▶ [RECORDS]
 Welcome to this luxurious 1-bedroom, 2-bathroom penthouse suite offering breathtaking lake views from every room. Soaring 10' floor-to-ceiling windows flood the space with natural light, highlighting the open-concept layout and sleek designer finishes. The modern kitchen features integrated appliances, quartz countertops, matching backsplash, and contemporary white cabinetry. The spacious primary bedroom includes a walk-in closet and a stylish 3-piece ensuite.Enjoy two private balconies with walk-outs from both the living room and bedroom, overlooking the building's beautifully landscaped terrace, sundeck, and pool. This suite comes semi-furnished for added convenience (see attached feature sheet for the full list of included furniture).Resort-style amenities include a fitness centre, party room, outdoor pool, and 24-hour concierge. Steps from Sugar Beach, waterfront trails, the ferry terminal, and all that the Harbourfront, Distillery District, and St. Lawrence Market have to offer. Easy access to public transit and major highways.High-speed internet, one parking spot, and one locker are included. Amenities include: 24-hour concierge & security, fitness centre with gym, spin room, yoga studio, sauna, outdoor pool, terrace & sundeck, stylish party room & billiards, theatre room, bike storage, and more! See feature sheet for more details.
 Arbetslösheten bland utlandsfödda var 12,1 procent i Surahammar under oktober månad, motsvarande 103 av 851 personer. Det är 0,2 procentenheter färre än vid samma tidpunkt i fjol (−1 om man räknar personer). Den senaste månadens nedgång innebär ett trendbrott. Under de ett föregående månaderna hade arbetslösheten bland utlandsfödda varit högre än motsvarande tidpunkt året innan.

...

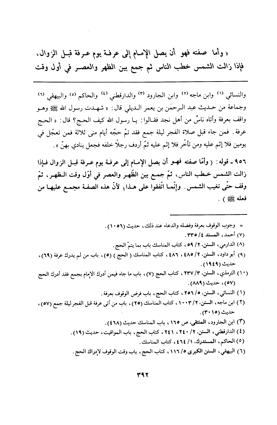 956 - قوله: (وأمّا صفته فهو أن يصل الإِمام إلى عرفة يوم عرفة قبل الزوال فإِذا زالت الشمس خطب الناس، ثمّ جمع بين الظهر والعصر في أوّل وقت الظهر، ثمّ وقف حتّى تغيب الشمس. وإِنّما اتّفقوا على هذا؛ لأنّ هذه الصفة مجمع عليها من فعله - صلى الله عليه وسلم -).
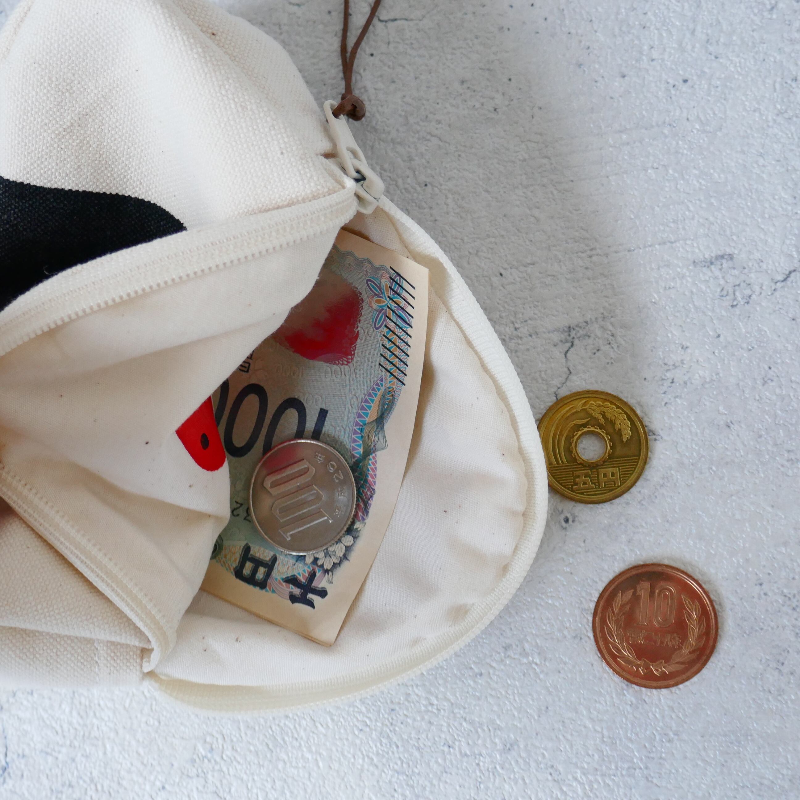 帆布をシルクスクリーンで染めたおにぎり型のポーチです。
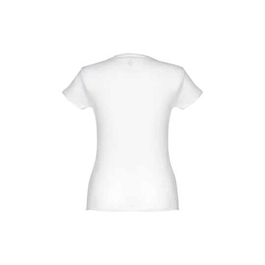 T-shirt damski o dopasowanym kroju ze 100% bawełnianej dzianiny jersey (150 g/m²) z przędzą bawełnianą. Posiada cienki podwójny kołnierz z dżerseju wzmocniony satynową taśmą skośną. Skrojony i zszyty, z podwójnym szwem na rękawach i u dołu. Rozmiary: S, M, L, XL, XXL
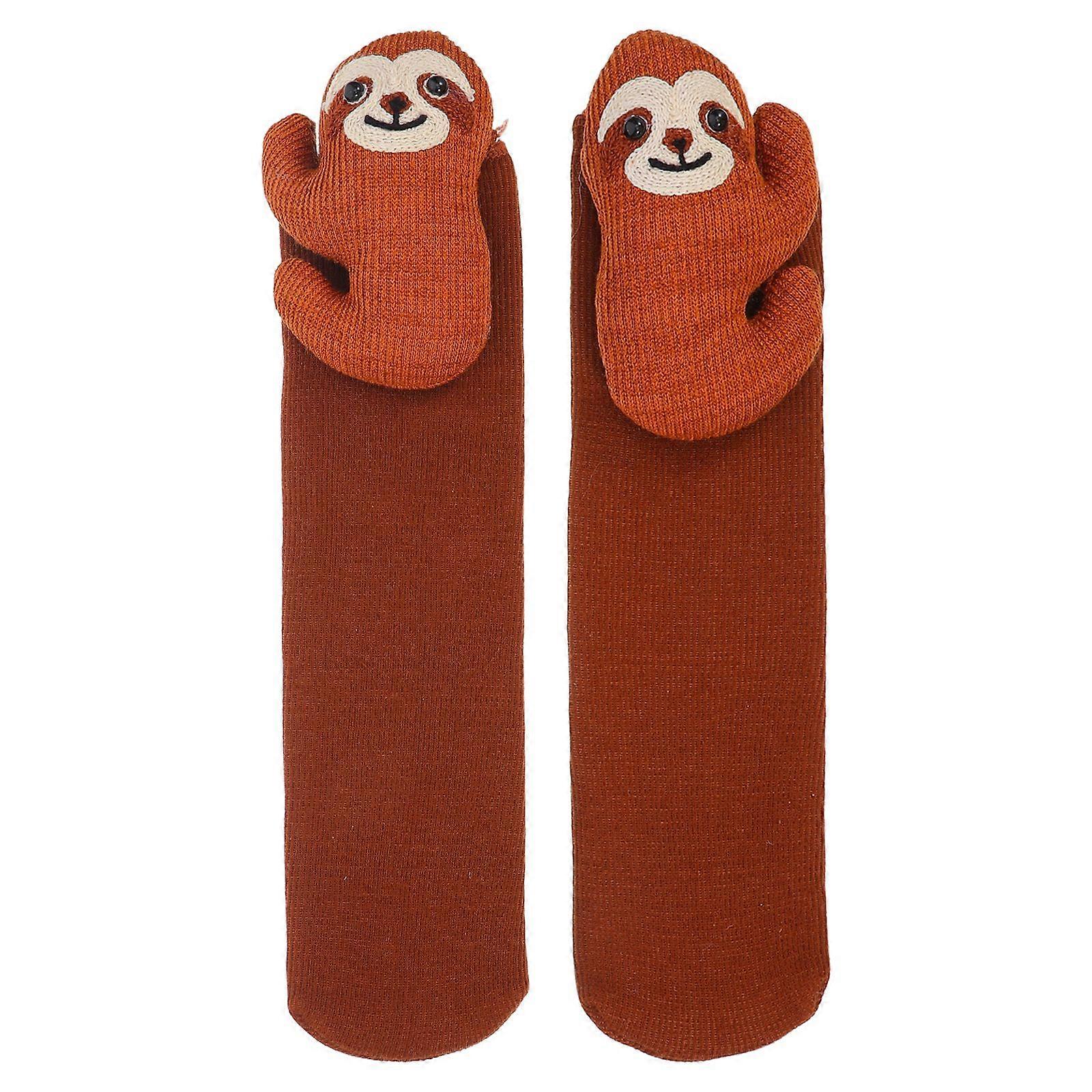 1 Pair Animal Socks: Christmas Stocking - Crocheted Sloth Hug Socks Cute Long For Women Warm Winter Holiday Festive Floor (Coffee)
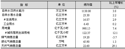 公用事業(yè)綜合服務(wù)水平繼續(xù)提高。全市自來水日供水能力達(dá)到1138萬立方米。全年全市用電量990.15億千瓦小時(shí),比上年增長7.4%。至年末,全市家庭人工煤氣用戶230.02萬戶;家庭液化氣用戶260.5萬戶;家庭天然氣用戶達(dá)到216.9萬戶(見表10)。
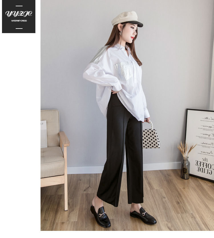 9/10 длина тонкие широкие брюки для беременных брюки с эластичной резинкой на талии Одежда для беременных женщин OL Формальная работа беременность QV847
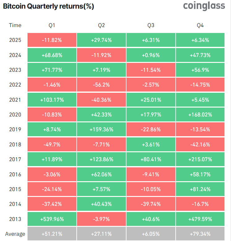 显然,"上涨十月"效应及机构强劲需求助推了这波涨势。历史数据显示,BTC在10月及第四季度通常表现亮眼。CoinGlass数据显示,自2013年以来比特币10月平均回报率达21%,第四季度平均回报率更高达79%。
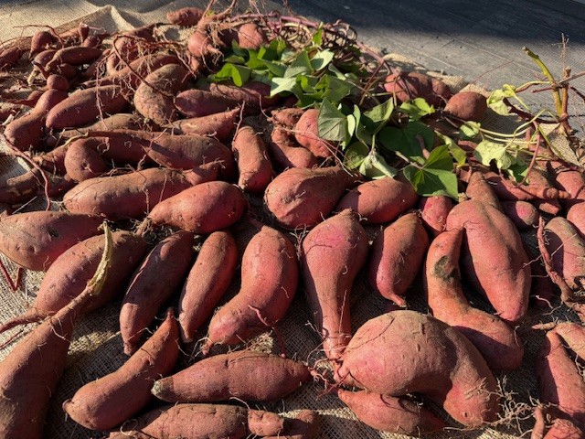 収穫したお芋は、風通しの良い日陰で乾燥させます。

* * *

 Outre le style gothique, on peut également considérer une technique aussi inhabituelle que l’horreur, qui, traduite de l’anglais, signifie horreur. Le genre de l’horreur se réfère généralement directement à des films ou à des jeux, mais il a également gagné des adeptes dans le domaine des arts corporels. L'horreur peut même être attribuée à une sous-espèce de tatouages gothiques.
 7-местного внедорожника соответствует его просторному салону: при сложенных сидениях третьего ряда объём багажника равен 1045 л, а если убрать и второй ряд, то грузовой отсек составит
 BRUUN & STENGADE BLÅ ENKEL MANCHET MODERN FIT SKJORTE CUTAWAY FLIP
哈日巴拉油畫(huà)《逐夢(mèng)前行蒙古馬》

▶ [GOAL OF THE EXERCISE]
Those lines of the records above that run from the one containing "1 Pair Animal" through the one containing "収穫したお芋は、風通しの良い日陰で乾燥させます。" should be returned exactly, with no pictures among them.

▶ [WRITTEN SOLUTION]
 1 Pair Animal Socks: Christmas Stocking - Crocheted Sloth Hug Socks Cute Long For Women Warm Winter Holiday Festive Floor (Coffee)
 公用事業(yè)綜合服務(wù)水平繼續(xù)提高。全市自來水日供水能力達(dá)到1138萬立方米。全年全市用電量990.15億千瓦小時(shí),比上年增長7.4%。至年末,全市家庭人工煤氣用戶230.02萬戶;家庭液化氣用戶260.5萬戶;家庭天然氣用戶達(dá)到216.9萬戶(見表10)。
 9/10 длина тонкие широкие брюки для беременных брюки с эластичной резинкой на талии Одежда для беременных женщин OL Формальная работа беременность QV847
 显然,"上涨十月"效应及机构强劲需求助推了这波涨势。历史数据显示,BTC在10月及第四季度通常表现亮眼。CoinGlass数据显示,自2013年以来比特币10月平均回报率达21%,第四季度平均回报率更高达79%。
 収穫したお芋は、風通しの良い日陰で乾燥させます。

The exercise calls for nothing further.